Dear Editor,
Alzheimer’s Disease (AD) is the most common progressive neurodegenerative disease that affects memory and cognition (1). Nowadays, using an experimental model of neurodegenerative disease is crucial for understanding underlying pathogenesis, disease prognosis, mechanism, and the therapeutic effect of various drugs and obtaining further information (2).
I read with great interest the article entitled “The effect of running on positive and negative slopes on serotonin levels in the hippocampus tissue of rats with Alzheimer’s disease” by Hassanlouei et al. I would like to thank the authors for sharing their valuable experience on a rat model of Alzheimer’s disease.
This article has two unclear points. First, the authors made the AD model without explaining the confirmation method. Although animal models should be selected based on the purpose of research, there are criteria for evaluating and validating the animal model mainly to ensure the efficacy of the drug or neurotoxin applied to induce the disease model (3-5).
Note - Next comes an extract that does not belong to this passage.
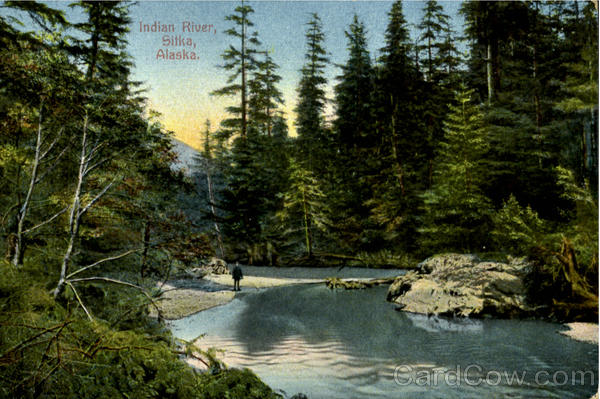 Front: Indian River, Sitka, Alaska. Back: SKA-YUKONE PACIFIC SEATTLE 1909 No. 90 572. Publ. by Portland Post Card Co., Portland, Ore. and Seattle, Wash. (Made in Germany.) Photo by F. H. Nowell. XPOSITIONE Write here. Hore. 1 c M. Cuba 2 e 2732.
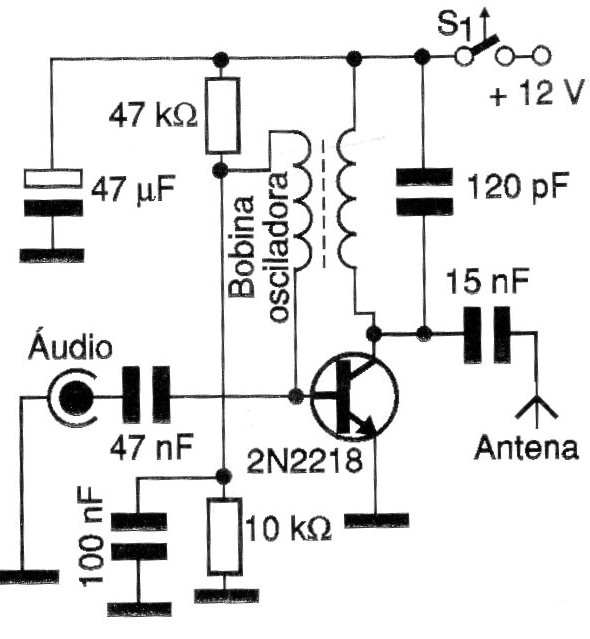 Este pequeño transmisor experimental de AM tiene un alcance de algunos metros y puede ser alimentado por tensiones de 6 a 12 V. La bobina está formada por un enrollamiento de 80 espiras de hilo 28 en el colector de Q1 y 40 espiras del mismo hilo sobre el mismo hilo núcleo de ferrita de 1 cm de diámetro.

The second point is the reason for the serotonin increase that was attributed to exercise by the authors. In this research, the authors measured the serotonin level of the hippocampus after running. According to previous studies, exercise increases the serotonin level. The point of this article is that the serotonin level was higher in the AD group with exercise than in the AD group without exercise, and this is in line with previous studies. As regards, the induction of AD degenerates some of the serotonergic receptors. Increased serotonin and its transporters have an effective role in the reduction of amyloid β, a peptide that essentially involves in AD (6, 7). The point is that in the CA1 (subfield) region of the hippocampus in a mouse model of AD, the serotonergic fiber of non-damaged neurons sprouted by three months after model induction. However, this happened by pathological events, especially brain damage in the animal model, and this serotonergic fiber is degraded later because of the accumulation of amyloid β (8, 9). Therefore, this might be a protective mechanism and a reason for serotonin enhancement after making animal models. Another cause of serotonin enhancement is trophic factors such as Brain-derived Neurotrophic Factor (BDNF), which not only amplifies after using neurotoxic factors but also induces the sprouting of serotonergic fibers (10).
In conclusion, we need more investigations on the serotonin level in the early stage of AD and animal models induced with neurotoxins to clarify this complication.